We evaluate the decentralized structure of the Federal Reserve System as a mechanism for generating and processing new ideas on banking policy in the 1950s and 1960s. We document that demand for research and analysis was driven by banking industry developments and legal changes that required the Federal Reserve and other banking regulatory agencies to develop guidelines for bank mergers.

In response to these developments, the Board and the Reserve Banks hired industrial‑organization economists and young economists out of graduate school who brought in the leading theory of industrial organization at the time, which was the structure, conduct, and performance (SCP) paradigm. This flow of ideas into the Federal Reserve from academia paralleled the flow that was going on in monetary policy and macroeconomics at the time and contributed to the increased professionalisation of research at the Federal Reserve.

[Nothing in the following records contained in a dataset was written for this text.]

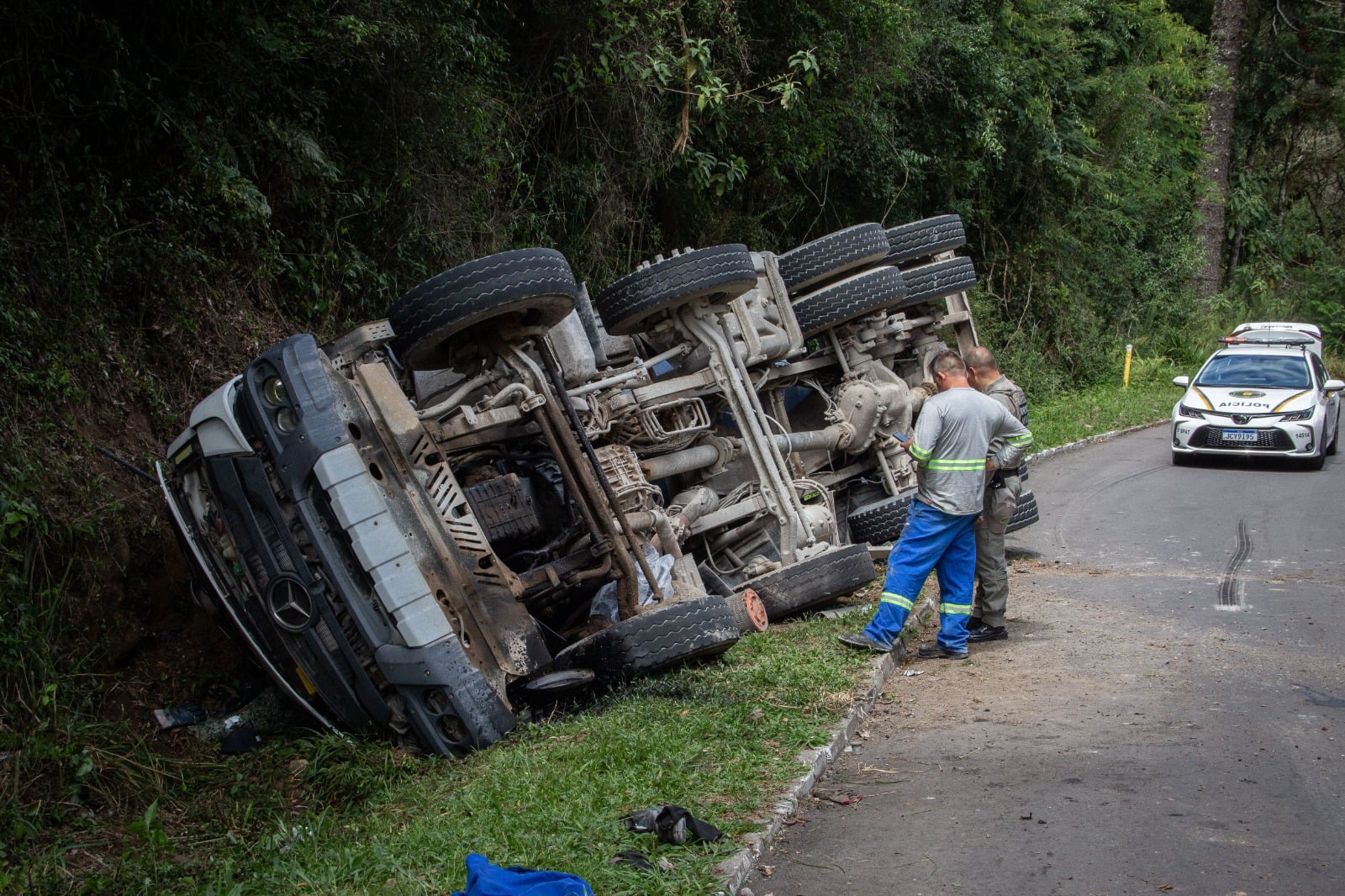 Garibaldi e Rio Grande do Sul - Um acidente mobilizou equipes de resgate na manhã deste sábado (21) em Garibaldi. Um caminhão de transporte de concreto tombou na Rua José Gava, nas proximidades do Castelo Benvenutti, no acesso ao bairro Tamandaré. Com o impacto, o condutor do veículo ficou preso às ferragens, exigindo o uso de equipamentos especiais para o resgate.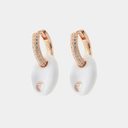 Orecchini in Argento 925 con pendente a forma di maglia marina smaltata bianca con zirconi bianchi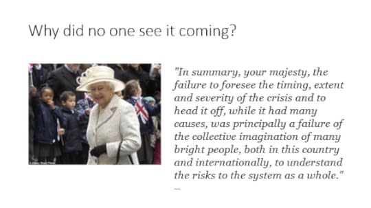 I quote: “Everyone seemed to be doing their own job properly on its own merit. And according to standard measures of success, they were often doing it well. The failure was to see how collectively this added up to a series of interconnected imbalances over which no single authority had jurisdiction.” I think the economists were saying that their theories seemed to be fine but then lots of different things that they knew about somehow all came together in a perfect storm to create the crash and they could not have foreseen that.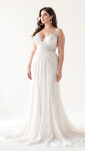 When it comes to accessories, think of flower crowns or delicate jewelry that complements the natural look. Pairing the dress with earthy tones or pastel shades can create a dreamy vibe that’s perfect for any bohemian-themed wedding. For curvy brides, this dress style highlights the waist while allowing room for a flowy skirt that doesn’t cling, making it one of the most flattering wedding gowns for curvy brides in 2025.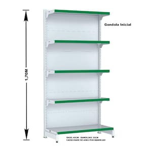 A fileira de Gôndolas deve ser iniciada com a Gôndola Inicial que possui 2 colunas. A Gôndola Continuação possui 1 coluna, utilizada para dar continuidade à fileira e não pode ser montada individualmente.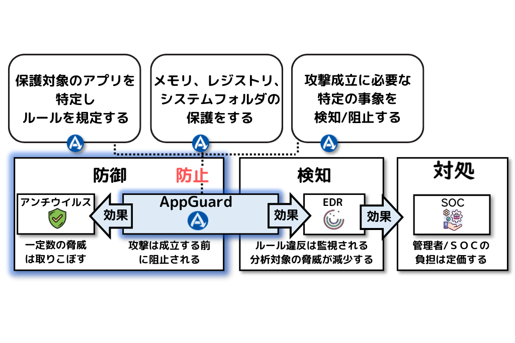 「AppGuard」はCSFの機能の「防御と検知」を担うエンドポイントセキュリティ製品です。攻撃成立に不可欠な「特定の事象」を命令レベルで検知し、ルールに基づいて適切な制御をすることで、脅威の発症を「防止」することを目的としています。強固な防御策が実施された組織は、フレームワークにおける後工程の負荷を大幅に軽減することが出来きます。

We document how several Reserve Banks, particularly Boston and Chicago, innovated by creating dissertation‑support programs, collecting specialised data, and creating the Bank Structure Conference, which became the clearing‑house for academic work on bank structure and later for bank risk and financial stability. We interpret these examples as illustrating an advantage that a decentralised central bank has in the production of knowledge.